┌────────

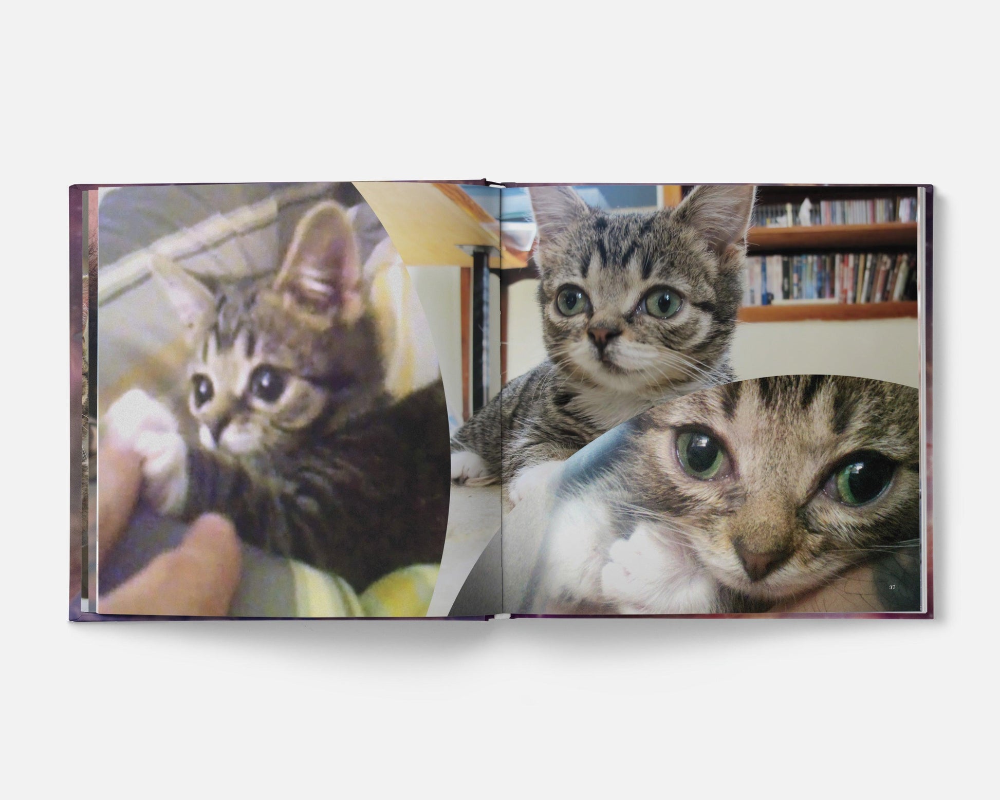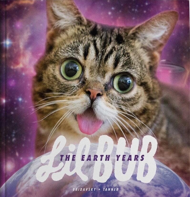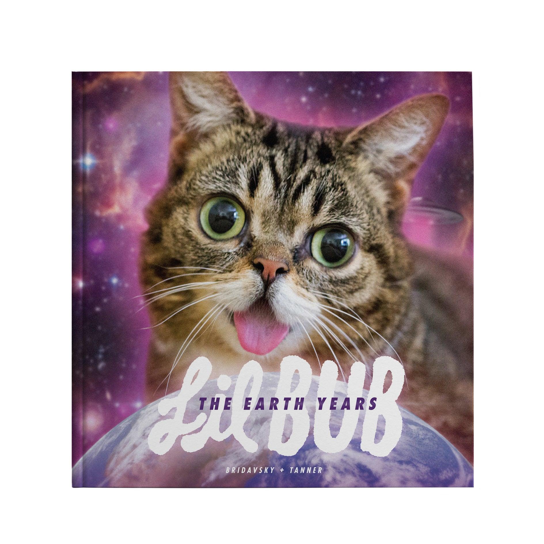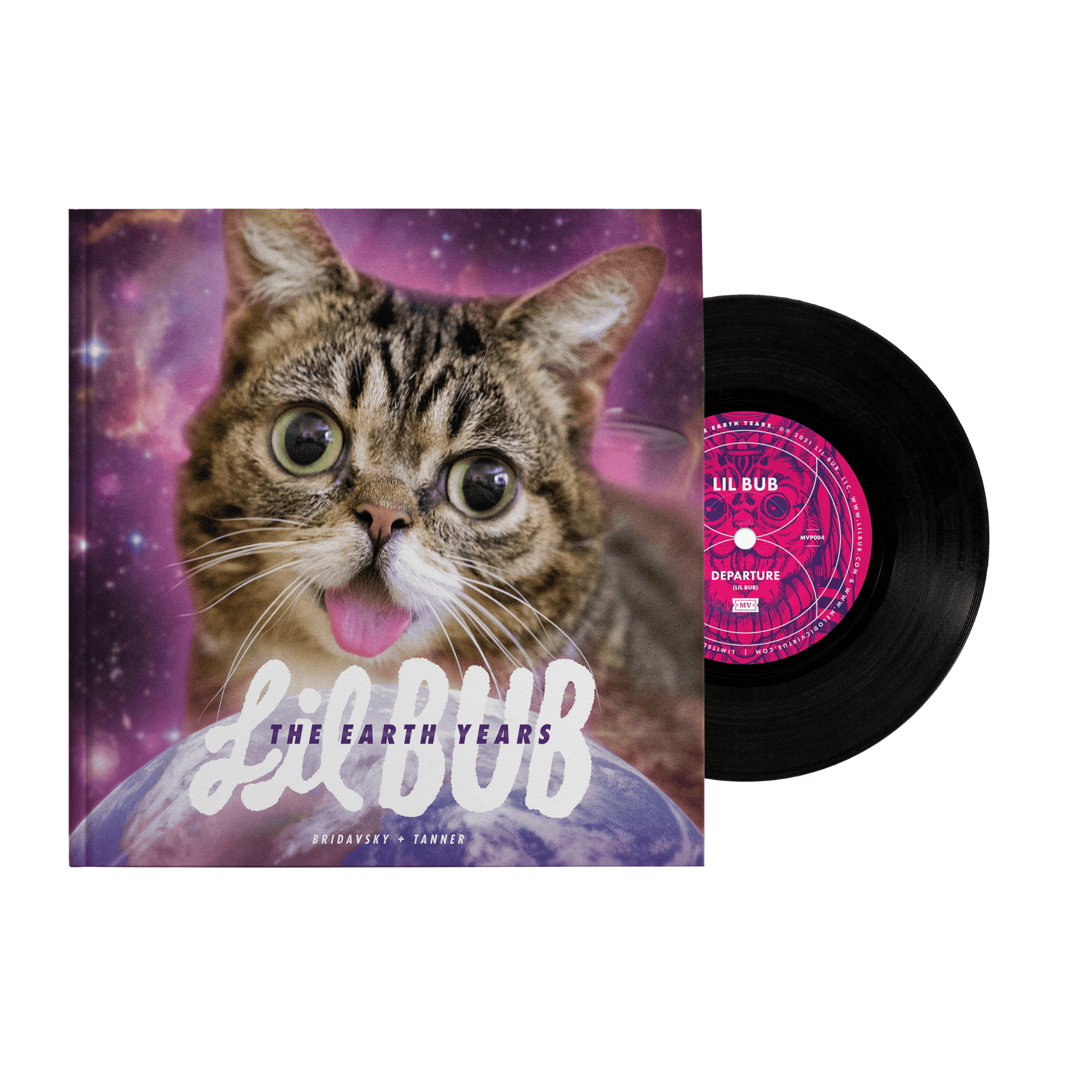 Lil BUB: The Earth Years is a limited edition commemorative book celebrating the life and legacy of Lil BUB. It is a hard-bound, hand-numbered, limited-edition, 376-page 9"x 9" coffee table book with exclusive 7” record titled Transmissions From Space (featuring two new pieces composed by Lil BUB herself, from her intergalactic afterlife).
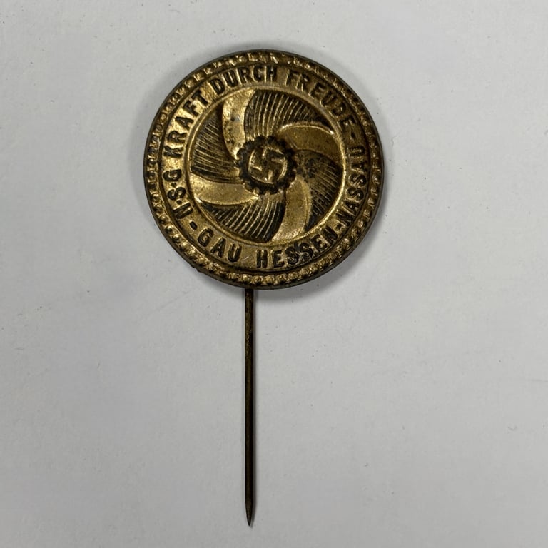 Original Third Reich–era Kraft durch Freude (KdF) stickpin issued for the Gau Hessen-Nassau, associated with the NS-Gemeinschaft Kraft durch Freude (N.S.G.) organization. This authentic WWII German lapel pin features the classic circular KdF turbine-style emblem with central swastika, surrounded by the raised inscription “NSG. KRAFT DURCH FREUDE – GAU HESSEN-NASSAU.”
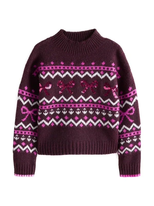 Design: Geribbelde kraag, Kerstdesign; Materiaal: Knitwear; Halstype: Opstaande kraag; Details: Pailletten; Extra's: Glitterend; Pasvorm: Normale pasvorm; Armlengte: Lange mouw; Lengte: Normale lengte
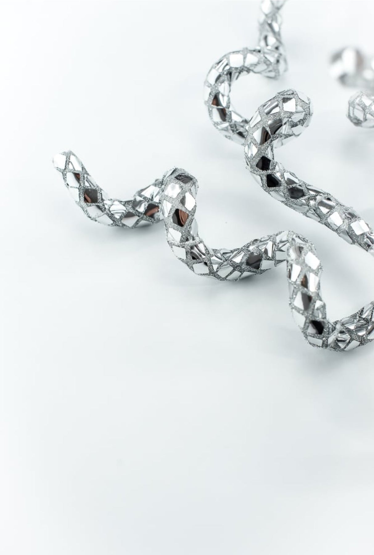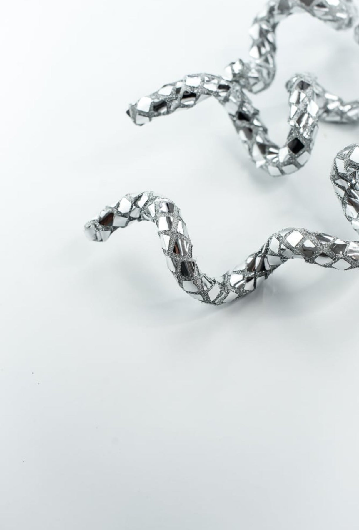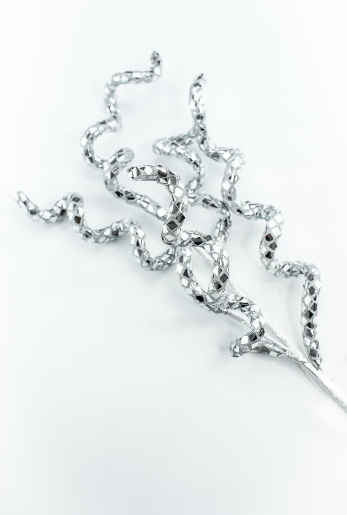Silver Disco Frizzy Curly Spray. 5 Wired stems.
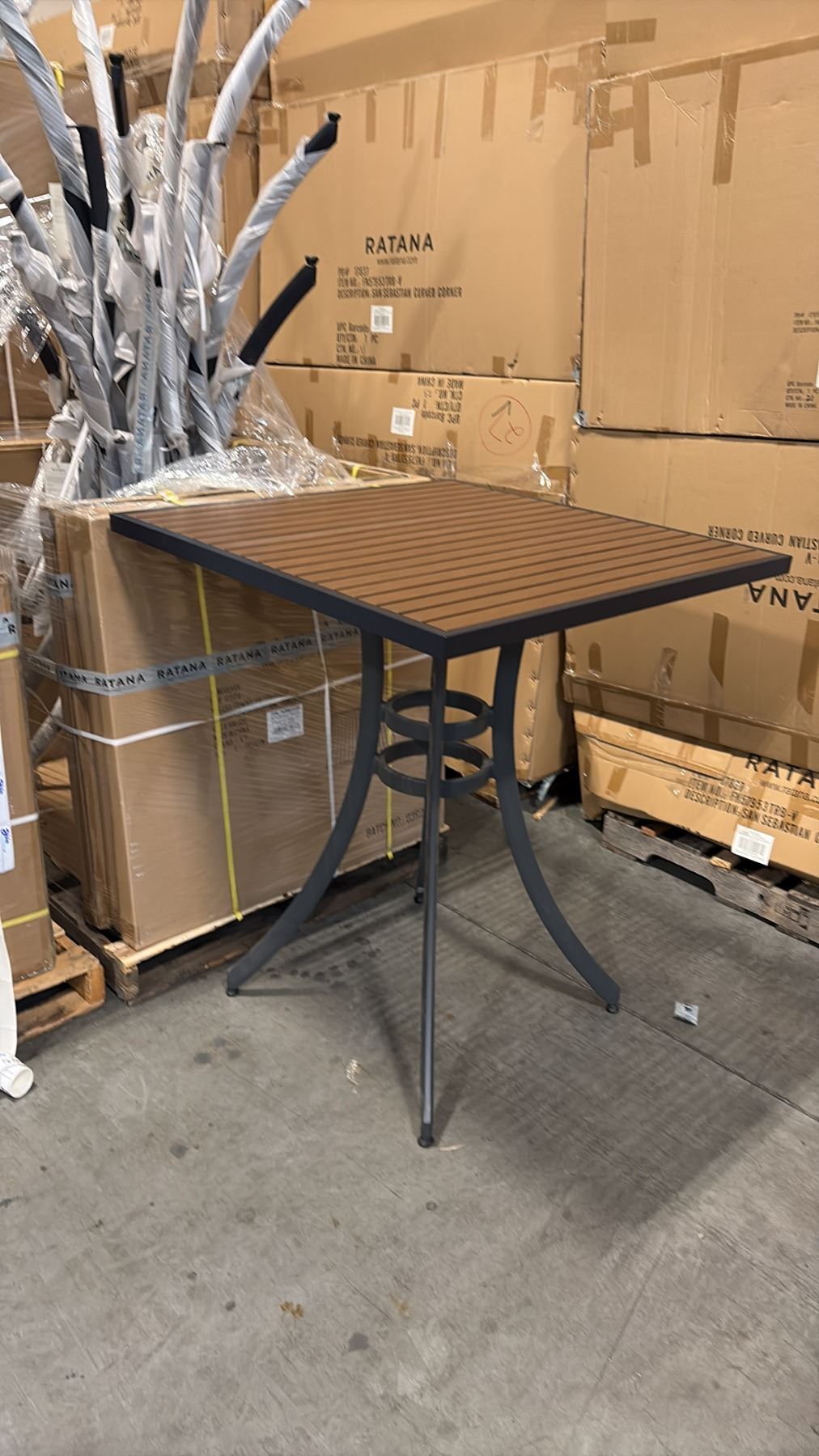 RATANA BAR HEIGHT PATIO TABLE WITH DURAWOOD TABLE TOP APPROXIMATELY 34 X34
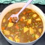 Remove the pot from the heat and stir in the frozen peas. Place the lid back on the pot for 15-20 minutes to allow the stew to cool, thicken, and for the flavors to meld flavors. At this point, taste the stew and adjust the salt and pepper if necessary.
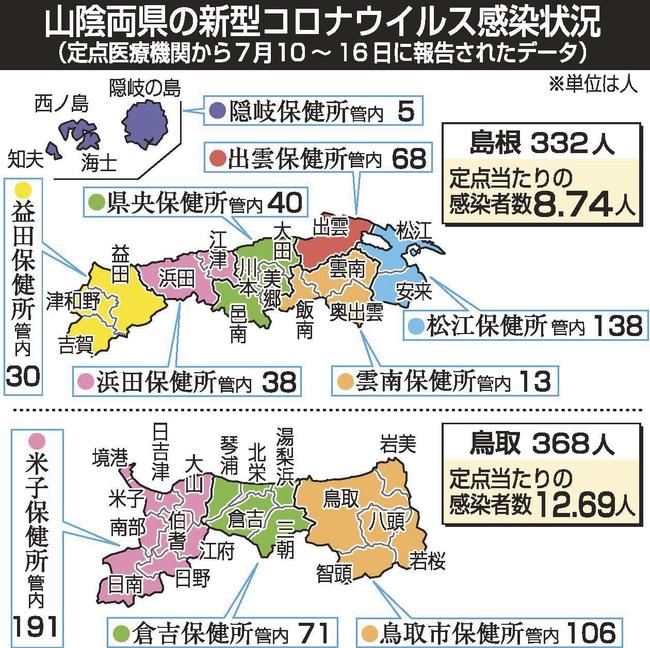 島根、鳥取両県が19日、定点医療機関で10~16日に報告された新型コロナウイルスの感染者は島根332人、鳥取368人で、1定点当たりは島根8・74人、鳥取12・69人だったと発表した。前週比で島根1・95人、鳥取0・72人、それぞれ増加。島根の保健所管内別の定点当たりの感染者は県央が13・33人、松江が12・55人と二つの管内で10人を超えており、拡大が目立っている。
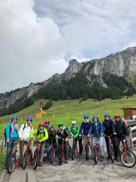 Die zwei bestens vorbereiteten Organisatorinnen Agi und Margit haben uns nichts ahnend ins Appenzell entführt. Schon die idyllische Zug- und Busfahrt dorthin mit Kaffeestop in Rapperswil hat uns in Ferienstimmung versetzt. Wir sind daraufhin über Hügel und an Seen, wo sich Esel und Katzen gute Nacht sagen, vorbei gewandert, mit den Trottis ins Tal gesaust, im Eventlokal Schnugge Bock nebst Säuen und Geissen im Familienschlafzimmer bei Gewitter verköstigt worden, wir haben gesungen (oder eher gejohlt?), gespielt, gekäffelet, Museum und Chilbi besucht, ein Konzert gegeben auf dem Landsgemeindeplatz und uns am Schluss noch ordentlich gewaschen im Heilbad Appenzell.
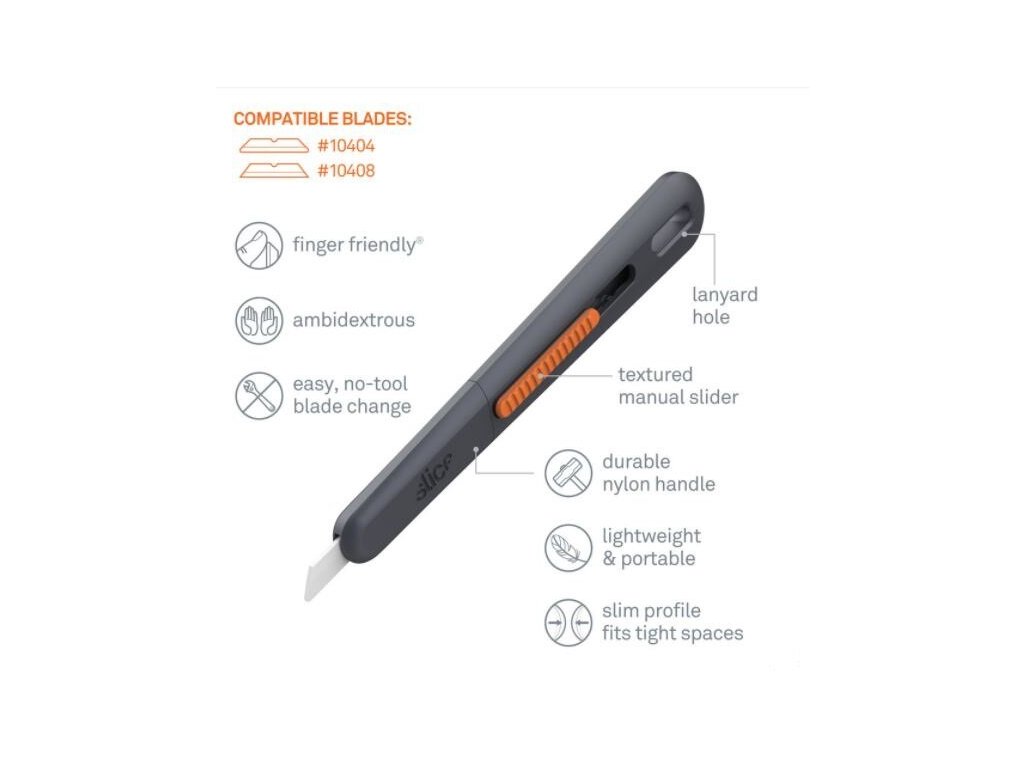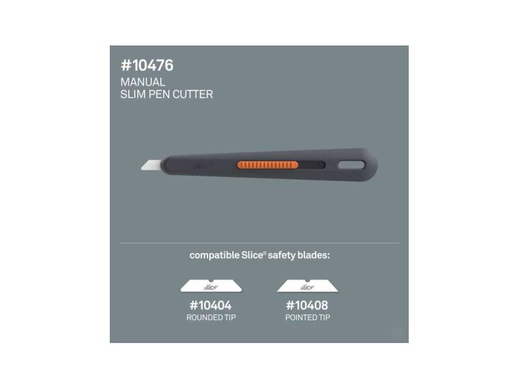Polohovatelný nůž na krabice Slice 10476 používá stejnou čepel přátelskou k prstům a stejné bezpečnostní výhody jako ostatní nože na krabice. Vlastní patentovanou jedinečnou hranu, která je bezpečná na dotek a vydrží až 11,2krát déle než srovnatelné kovové čepele. Štíhlá rukojeť umožňuje manévrování ve stísněných prostorech a je vybavena bočním posuvníkem pro snadnější manipulaci s palcem.Tento nůž používat oboustranně: stačí otočit hranu čepele v rukojeti pro leváky.
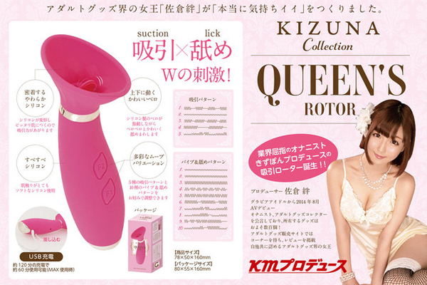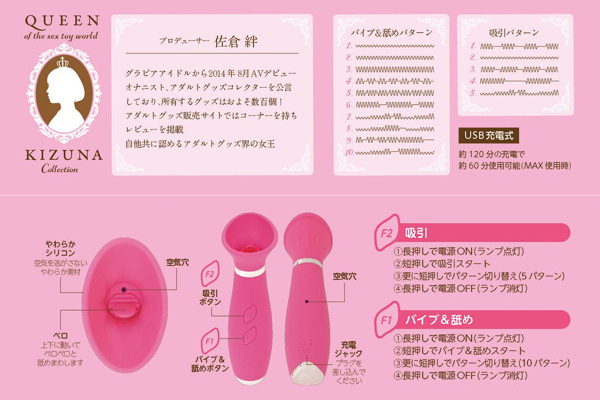 アダルトグッズコレクター、きずぽんこと元AV女優「佐倉絆」がプロデュース♪バキューム&舐めの2つの刺激を体感できるUSB充電式の可愛い吸引ローター。密着度抜群!肌触りの良いシリコンボディの吸引部には、ペロペロと上下運動する舌を設置♪5種類の吸引刺激×10種類の振動と舐め刺激で「本当に気持ちいい」を実現!120分の充電で最大60分稼働可能、生活防水製

└────────

ABOUT THIS TASK: The lines to repeat run from the line containing "Polohovatelný nůž na" through the end of the listing above, both included; give them exactly and without pictures.

SOLVED PROBLEM:
Polohovatelný nůž na krabice Slice 10476 používá stejnou čepel přátelskou k prstům a stejné bezpečnostní výhody jako ostatní nože na krabice. Vlastní patentovanou jedinečnou hranu, která je bezpečná na dotek a vydrží až 11,2krát déle než srovnatelné kovové čepele. Štíhlá rukojeť umožňuje manévrování ve stísněných prostorech a je vybavena bočním posuvníkem pro snadnější manipulaci s palcem.Tento nůž používat oboustranně: stačí otočit hranu čepele v rukojeti pro leváky.
 アダルトグッズコレクター、きずぽんこと元AV女優「佐倉絆」がプロデュース♪バキューム&舐めの2つの刺激を体感できるUSB充電式の可愛い吸引ローター。密着度抜群!肌触りの良いシリコンボディの吸引部には、ペロペロと上下運動する舌を設置♪5種類の吸引刺激×10種類の振動と舐め刺激で「本当に気持ちいい」を実現!120分の充電で最大60分稼働可能、生活防水製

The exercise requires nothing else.